Die Meditationswelle spülte einen hochneurotischen Hektiker auf die Bühne, der Zen als „Zack-Zack“-Angebot sowie erotisches Tantra-Yoga verkaufte. In einem Song wurde sorgenvoll vor dem Anrücken der Veganer gewarnt und das von ihnen bedrohte „Zigeunerschnitzel“ auf die Melodie des alten Hits „Zigeunerjunge“ von Alexandra besungen.
Highlights waren der Aufzug des „Karnevalsvereins der löstigen Wutbürger 2013“, der das Lieberberg-Musikfestival gern ins Braunkohlegebiet bei Wanlo verlegen würde, und die „Eine-Welt-Gruppe der Evangelischen Kirchengemeinde Wickrath“, die mit Orff-Instrumentarium und herziger Naivität Ovationen im Publikum auslöste. Später ließen sich die Besucher zum aktiven „Wutschunkeln“ überreden.

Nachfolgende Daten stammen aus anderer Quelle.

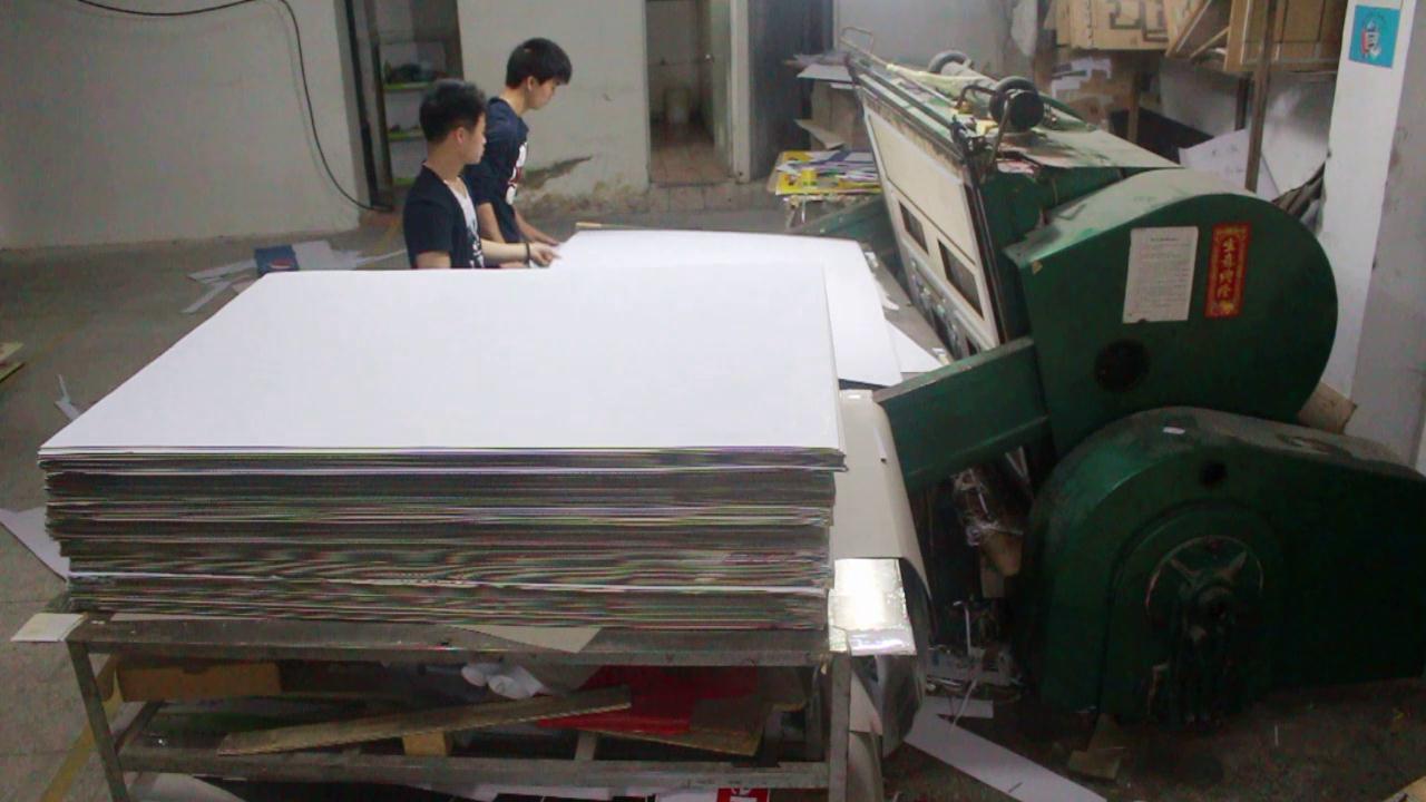 以上四步我們已經(jīng)把材料都準(zhǔn)備完畢了,接下來就是啤(Die cutting)。我們會將裱好的紙放進啤機里面,一合一開,我們要的展示架形狀就出來了。或許有人會問,為什么那么神奇,啤機只要一合上等到再打開的時候里面的紙就會出來形狀。那是因為我們在啤之前已經(jīng)準(zhǔn)備好了刀模放置在啤機里面,然后再進行調(diào)機。位置調(diào)好后就可以開始啤了。

„Physiklehrer Bernd Bach vom Math.-Nat. Gymnasium“ träumte sich mit dem Sinatra-Song „My Way“ in eine halbseidene Sado-Maso-Welt hinein: „Tu mir im Mai weh“, flehte er die imaginäre Domina an. Bissig schön auch die Parodie des verstorbenen Literatur-Papstes Marcel Reich-Ranicki, der sich als Bewunderer der Kölner Karnevalistin Trude Herr outet. Und am Ende hatten die Stunker ihr Publikum so weit, dass tatsächlich viele Mönchengladbacher den Refrain „Kölle Alaaf!“ mitsangen.

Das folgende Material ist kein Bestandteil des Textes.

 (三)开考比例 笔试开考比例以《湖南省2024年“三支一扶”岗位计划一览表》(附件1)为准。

So weit, so schön — einige Geschmacklosigkeiten („Nackt-Putzen“, „In der Gammelfleischerei“, Flüchtlinge) haben wir nachsichtig wieder aus der Erinnerung verdrängt. Aber alle herausgepickten Rosinen dieser Stunksitzung sollten wohl auch gar nicht jedem munden!